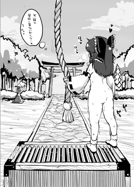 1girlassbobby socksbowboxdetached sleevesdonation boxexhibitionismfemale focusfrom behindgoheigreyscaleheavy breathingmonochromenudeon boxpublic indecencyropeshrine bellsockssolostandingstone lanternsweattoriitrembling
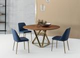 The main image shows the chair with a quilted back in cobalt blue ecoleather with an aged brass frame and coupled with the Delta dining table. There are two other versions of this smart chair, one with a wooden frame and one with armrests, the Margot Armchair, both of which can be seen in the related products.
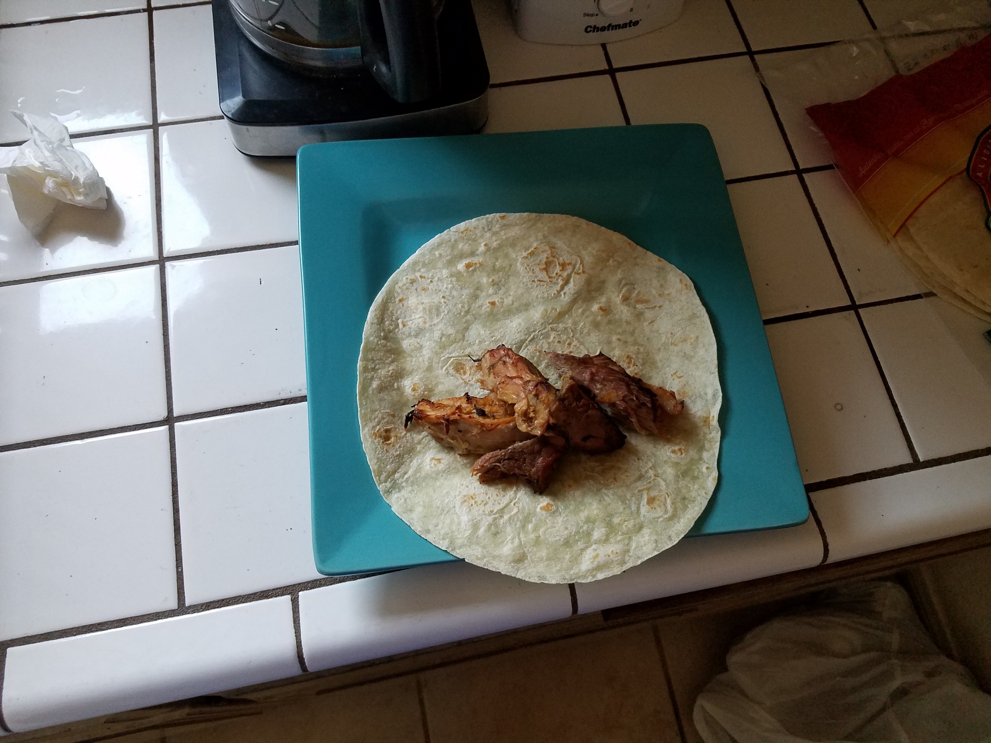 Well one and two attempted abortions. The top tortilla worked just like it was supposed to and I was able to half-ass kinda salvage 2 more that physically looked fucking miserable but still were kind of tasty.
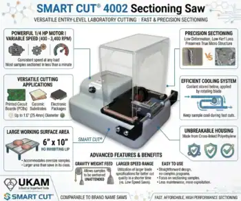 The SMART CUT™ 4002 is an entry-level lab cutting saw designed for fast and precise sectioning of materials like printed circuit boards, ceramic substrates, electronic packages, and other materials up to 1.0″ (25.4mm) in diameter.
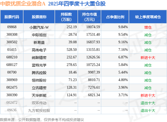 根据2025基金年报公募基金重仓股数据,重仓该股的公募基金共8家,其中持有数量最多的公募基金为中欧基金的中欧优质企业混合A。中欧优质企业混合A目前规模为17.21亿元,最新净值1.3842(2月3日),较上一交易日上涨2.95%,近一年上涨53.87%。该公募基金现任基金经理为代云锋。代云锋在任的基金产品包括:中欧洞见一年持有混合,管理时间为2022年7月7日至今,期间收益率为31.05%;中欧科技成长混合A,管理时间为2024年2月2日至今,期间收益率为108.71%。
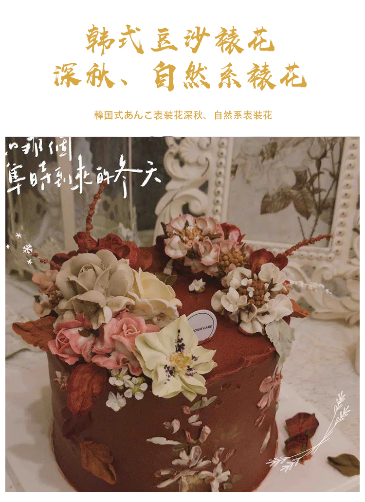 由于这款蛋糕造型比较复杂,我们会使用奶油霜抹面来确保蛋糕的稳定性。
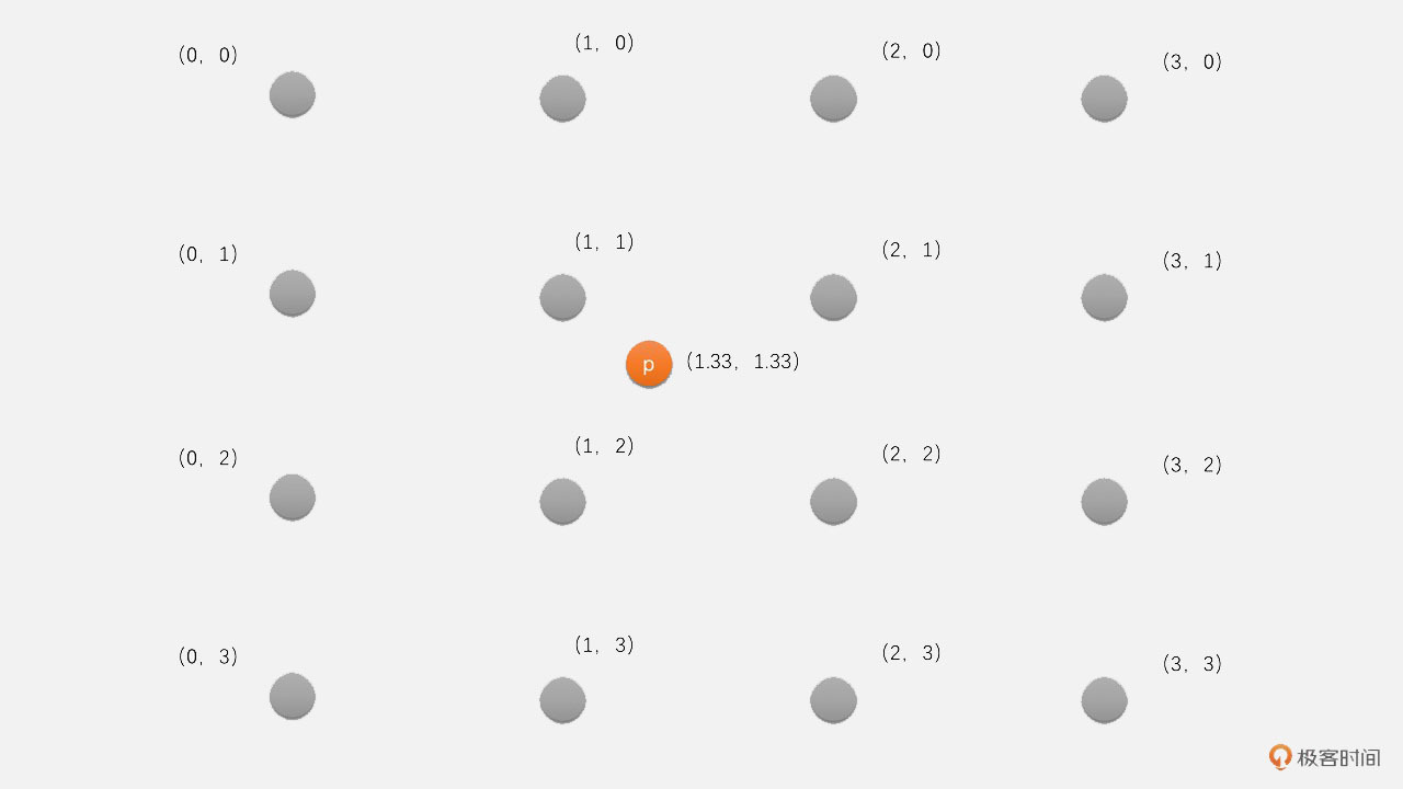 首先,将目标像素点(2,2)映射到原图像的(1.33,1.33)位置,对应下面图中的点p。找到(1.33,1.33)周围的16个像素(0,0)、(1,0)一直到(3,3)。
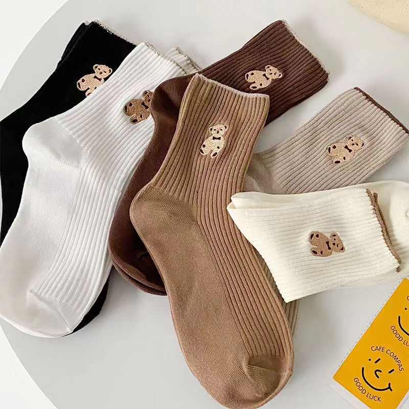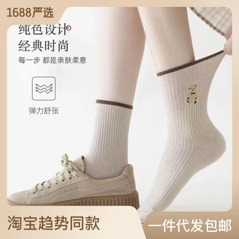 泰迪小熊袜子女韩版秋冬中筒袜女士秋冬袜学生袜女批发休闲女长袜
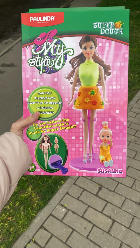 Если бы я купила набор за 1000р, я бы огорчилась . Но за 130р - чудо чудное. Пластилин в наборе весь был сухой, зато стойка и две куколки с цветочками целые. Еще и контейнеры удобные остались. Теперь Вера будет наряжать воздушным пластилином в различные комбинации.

Task:
Write every record out again exactly, omitting the pictures they hold.

Answer to the exercise:
 1girlassbobby socksbowboxdetached sleevesdonation boxexhibitionismfemale focusfrom behindgoheigreyscaleheavy breathingmonochromenudeon boxpublic indecencyropeshrine bellsockssolostandingstone lanternsweattoriitrembling
 The main image shows the chair with a quilted back in cobalt blue ecoleather with an aged brass frame and coupled with the Delta dining table. There are two other versions of this smart chair, one with a wooden frame and one with armrests, the Margot Armchair, both of which can be seen in the related products.
 Well one and two attempted abortions. The top tortilla worked just like it was supposed to and I was able to half-ass kinda salvage 2 more that physically looked fucking miserable but still were kind of tasty.
 The SMART CUT™ 4002 is an entry-level lab cutting saw designed for fast and precise sectioning of materials like printed circuit boards, ceramic substrates, electronic packages, and other materials up to 1.0″ (25.4mm) in diameter.
 根据2025基金年报公募基金重仓股数据,重仓该股的公募基金共8家,其中持有数量最多的公募基金为中欧基金的中欧优质企业混合A。中欧优质企业混合A目前规模为17.21亿元,最新净值1.3842(2月3日),较上一交易日上涨2.95%,近一年上涨53.87%。该公募基金现任基金经理为代云锋。代云锋在任的基金产品包括:中欧洞见一年持有混合,管理时间为2022年7月7日至今,期间收益率为31.05%;中欧科技成长混合A,管理时间为2024年2月2日至今,期间收益率为108.71%。
 由于这款蛋糕造型比较复杂,我们会使用奶油霜抹面来确保蛋糕的稳定性。
 首先,将目标像素点(2,2)映射到原图像的(1.33,1.33)位置,对应下面图中的点p。找到(1.33,1.33)周围的16个像素(0,0)、(1,0)一直到(3,3)。
 泰迪小熊袜子女韩版秋冬中筒袜女士秋冬袜学生袜女批发休闲女长袜
 Если бы я купила набор за 1000р, я бы огорчилась . Но за 130р - чудо чудное. Пластилин в наборе весь был сухой, зато стойка и две куколки с цветочками целые. Еще и контейнеры удобные остались. Теперь Вера будет наряжать воздушным пластилином в различные комбинации.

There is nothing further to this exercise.